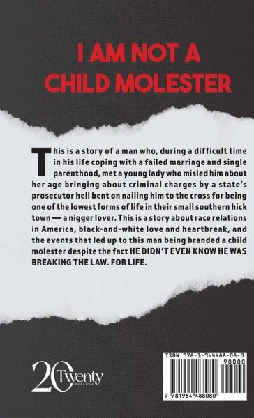 This is a story of a man who, during a difficult time in his life coping with a failed marriage and single parenthood, met a young lady who misled him about her age bringing about criminal charges by a state's prosecutor hell bent on nailing him to the cross for being one of the lowest forms of life in their small southern hick town - a nigger lover. This is a story about race relations in America, black-and-white love and heartbreak, and the events that led up to this man being branded a child molester despite the fact HE DIDN'T EVEN KNOW HE WAS BREAKING THE LAW. FOR LIFE. With all the news this past decade about women in the 'Me Too' movement coming forward to reveal violations perpetrated upon them years ago most often by men, what about me when a young girl misled me about her age which led to me getting arrested and convicted and yet I NEVER EVEN KNEW I WAS BREAKING THE LAW! So I ask you what about me?
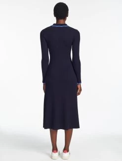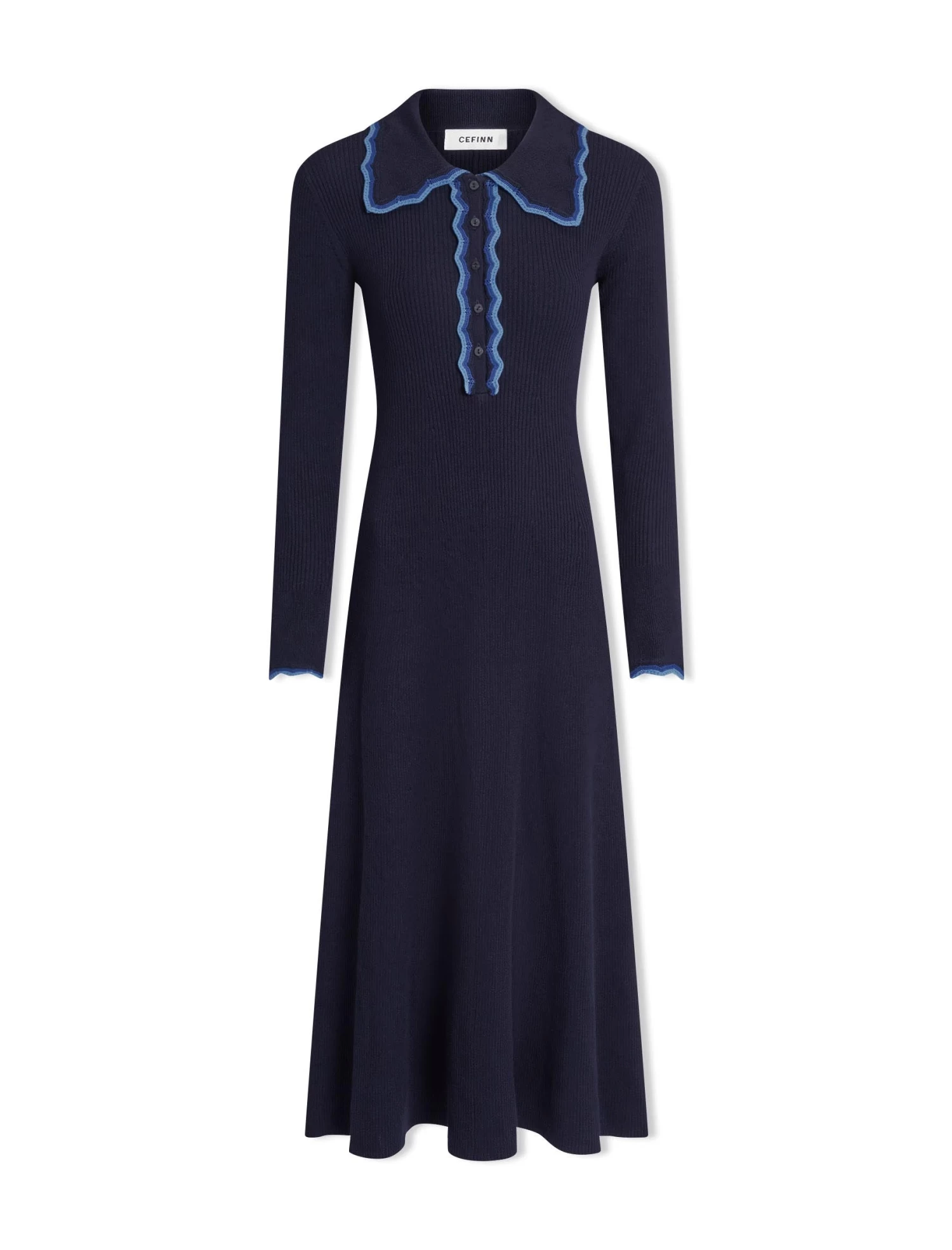 Who doesn’t love the ease of a knitted dress? We’ve revisited our bestselling knitted dress in a wool-and-cotton blend that is the ideal weight and feel when the temperature starts to slowly creep up. A classic Eva shape with Josie’s contrast placket and cuffs give it a contemporary twist.
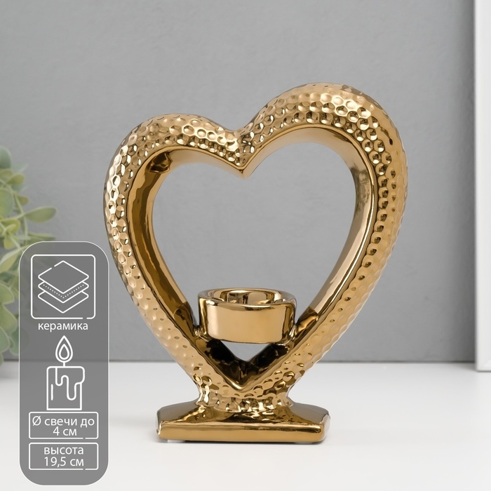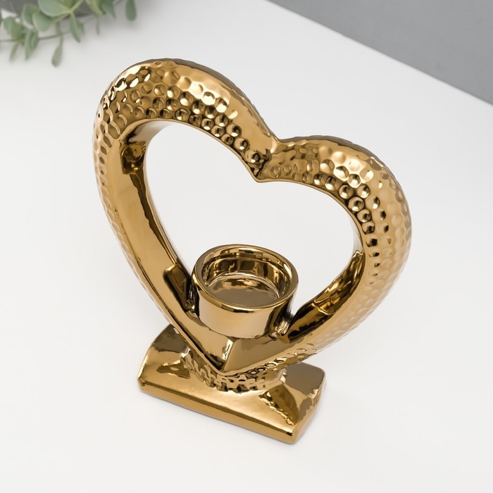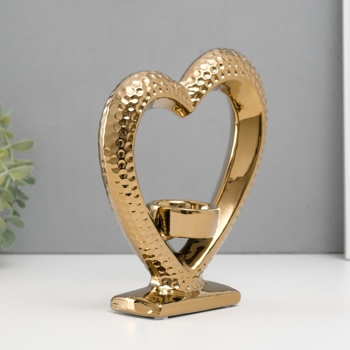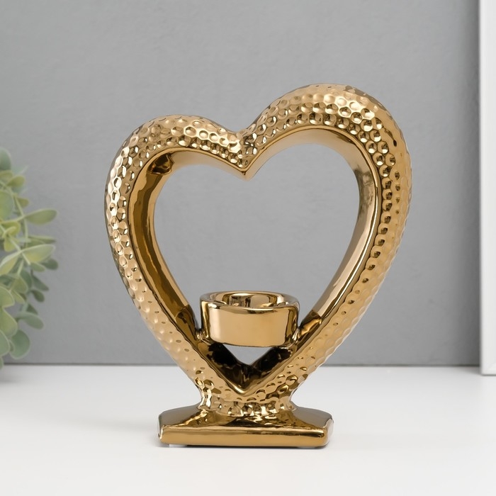 Подсвечник керамика на 1 свечу "Сердце на подставке" d=4 см золото 17х5,5х19,5 см
_ _ _ _
◆ **TRY IT**
Except for the pictures, give all the material above again verbatim.

◆ **SOLUTION**
 This is a story of a man who, during a difficult time in his life coping with a failed marriage and single parenthood, met a young lady who misled him about her age bringing about criminal charges by a state's prosecutor hell bent on nailing him to the cross for being one of the lowest forms of life in their small southern hick town - a nigger lover. This is a story about race relations in America, black-and-white love and heartbreak, and the events that led up to this man being branded a child molester despite the fact HE DIDN'T EVEN KNOW HE WAS BREAKING THE LAW. FOR LIFE. With all the news this past decade about women in the 'Me Too' movement coming forward to reveal violations perpetrated upon them years ago most often by men, what about me when a young girl misled me about her age which led to me getting arrested and convicted and yet I NEVER EVEN KNEW I WAS BREAKING THE LAW! So I ask you what about me?
 Who doesn’t love the ease of a knitted dress? We’ve revisited our bestselling knitted dress in a wool-and-cotton blend that is the ideal weight and feel when the temperature starts to slowly creep up. A classic Eva shape with Josie’s contrast placket and cuffs give it a contemporary twist.
 Подсвечник керамика на 1 свечу "Сердце на подставке" d=4 см золото 17х5,5х19,5 см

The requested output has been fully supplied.